Oracle Corporation (NASDAQ: ORCL), while not quite Magnificent Seven material, the company has been a fighter to maintain its position among the cloud technology giants such as Microsoft Corporation (NASDAQ: MSFT) and Amazon.com Inc. (NASDAQ: AMZN).
A solid set of results after the market close on Monday have set the stock up for a 13% pop on Tuesday.
Forecast-beating results are pleasing for markets. But a super-confident outlook report is worth so much more.
The company spoke of "hypergrowth" in its Gen2 cloud infrastructure business. "We expect to continue receiving large contracts reserving cloud infrastructure capacity because the demand... substantially exceeds supply," said CEO Safra Catz.
The company added that it was opening new and expanding existing cloud datacenters "very rapidly."
Oracle, founded in 1977 by Larry Ellison, Bob Miner and Ed Oates, specialized early on in developing databases, and by the time of its initial public offering in 1986, the company's flagship product Oracle Database was already running on Microsoft's flagship offering MS-DOS.
Analyst Reaction
Analysts were upbeat about the performance of Oracle in the fourth quarter. Raimo Lenschow at Barclays Investment Bank maintained an Overweight rating on the stock and raised the target price from $140 from to $147.
Piper Sandler analyst Brent Bracelin maintained an Overweight rating and raised the price target from $122 to $140.
Brent Thill at Jefferies reiterated a Buy rating on the stock and raised the target price from $145 to $150, noting improving trends in cloud infrastructure and demand for artificial intelligence (AI) workloads.

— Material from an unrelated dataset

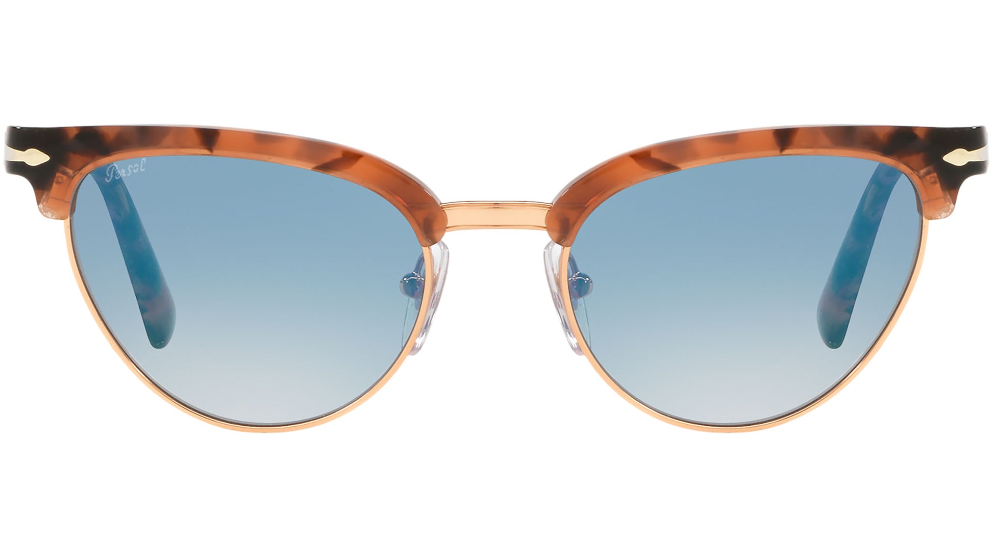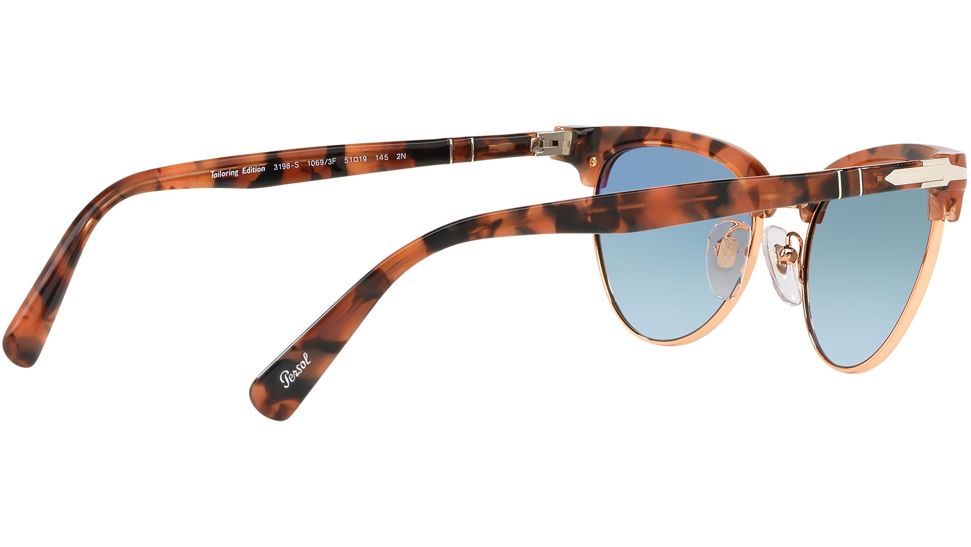 Persol sunglasses model PO3198S color code 10693F featuring pink tortoise full rim acetate frame and glass blu sfumato lenses. Meticulous attention to every intricate detail ensures distinct styles and practical solutions. Driven by an unwavering passion for skill refinement and an unrelenting pursuit of innovation, Persol embodies true quality. Embodying its evocative name, which signifies “for sun” this brand stands as a testament to a rich heritage of superior craftsmanship and excellence. Persol seamlessly blends aesthetics and technology, representing the epitome of handcrafted Italian manufacturing. Renowned for its timeless design and artistry, the brand has become a beloved choice within the realm of cinema.

Partnerships With Big Tech
Indeed, Oracle partnered with AI-processing equipment giant Nvidia Corporation (NASDAQ: NVDA), announcing last year that Nvidia would be running its strategic AI application on the new Oracle Cloud Infrastructure Supercluster - a supercomputer that offers cloud services at massive scale.

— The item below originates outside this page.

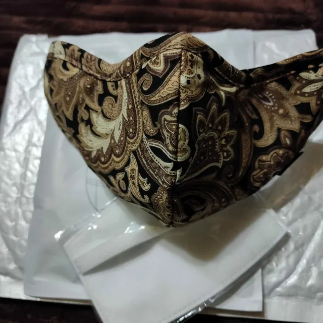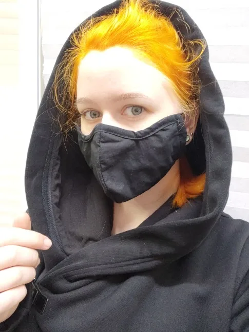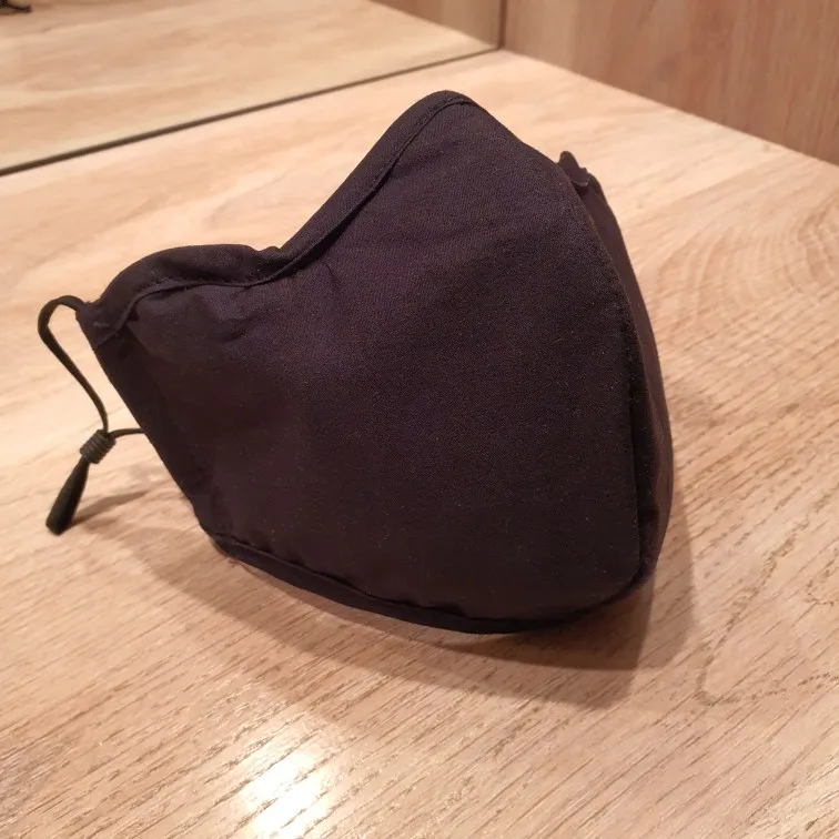 Отличная маска, объёмная, не давит, полностью закрывает. Пошив очень качественный, регулируемые резинки. Материал плотный, но в ней легко дышать. Есть карман для вкладышей-фильтров, зажим для носа и вставка, крепящаяся на двусторонний скотч.

"This is a critical capability as more and more organizations require computing resources for their unique AI use cases," said Clay Magouyrk, executive vice president for the project.
Oracle also formed a partnership with Microsoft in 2019 pairing up Oracle Cloud with Microsoft Azure to allow customers of both companies to store data on both cloud platforms, running software through either Oracle or Azure.
Thus, Oracle has placed itself strategically among the Magnificent Seven stocks, yet without the same level of market scrutiny these mega-caps come under from investors every time the market sees a hint of selling.
And, with a price to earnings ratio of just 30, there are few analysts who are likely to call this an overvalued stock compared, for example with Nvidia's P/E of 70.